Personal information
- Born: 1981/82 Kumasi, Ghana

Sport
- Sport: Athletics

Medal record
Wheelchair racing
Representing Ghana
All-Africa Games
| Silver medal – second place | 2007 Algiers | 1,500 m T54 |
| Bronze medal – third place | 2007 Algiers | 200 m T54 |
| Bronze medal – third place | 2011 Maputo | 1,500 m T54 |
Commonwealth Games
| Bronze medal – third place | 2010 Delhi | 1,500 m T54 |

= Anita Fordjour =

Ghanaian wheelchair racer

Anita Fordjour (born 1981/82) is a Ghanaian athlete, who has competed in wheelchair racing. She came third in the 1500 metres T54 event at the 2010 Commonwealth Games, and has won multiple medals at the All-Africa Games.

==Personal life==
Fordjour is from Kumasi, Ghana. She has two children. At the age of six, Fordjour contracted polio, and lost movement in her legs.

==Career==
At the age of 20, Fordjour took up wheelchair basketball, before switching to wheelchair racing. In 2003, Fordjour won the 800 metres event at the Ghana-Nigeria Friendly Games for the Physically Challenged in Kumasi.
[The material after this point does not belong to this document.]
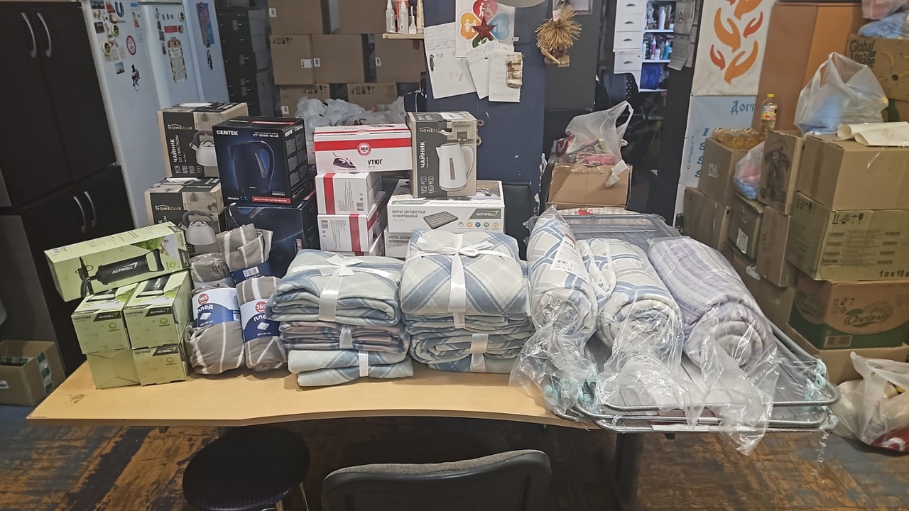 На деньги, собранные коллегами, Шелкунова Элла закупила запрашиваемое переселенцами постельное белье, сушилки для белья, одеяла, пледы, утюги, надувные матрасы для обустройства спальных мест.

She finished second in the 200 metres and 1500 metres events. At the 2007 All-Africa Games in Algiers, Algeria, Fordjour came second in the 1,500 metres race, and third in the 200 metres race. In 2008, Fordjour won the 400 metres race at the Athletics competition for the Physically Challenged at the Baba Yara Stadium in Kumasi.

Fordjour competed at the 2010 Commonwealth Games, where she finished third in the 1500 metres T54 event, in a time of 4:18.83. Fordjour won a bronze medal in the 1,500 metres event at the 2011 All-Africa Games. Fordjour competed at the 2012 Summer Paralympics in the 100 metres T53 and 200 metres T53 events. She was one of four Ghanaians at the Games, the most athletes Ghana had ever sent to a Paralympic Games at the time. Fordjour finished seventh in both the 100 metres T53 and 200 metres T53 events. At the 2014 Commonwealth Games, Fordjour finished eighth in the 1500 metres T54 event, in a personal best time of 4:11.29.

==Awards==
In 2010, Fordjour was named Ghana Female Athlete of the Year by the Sport Writers Association of Ghana.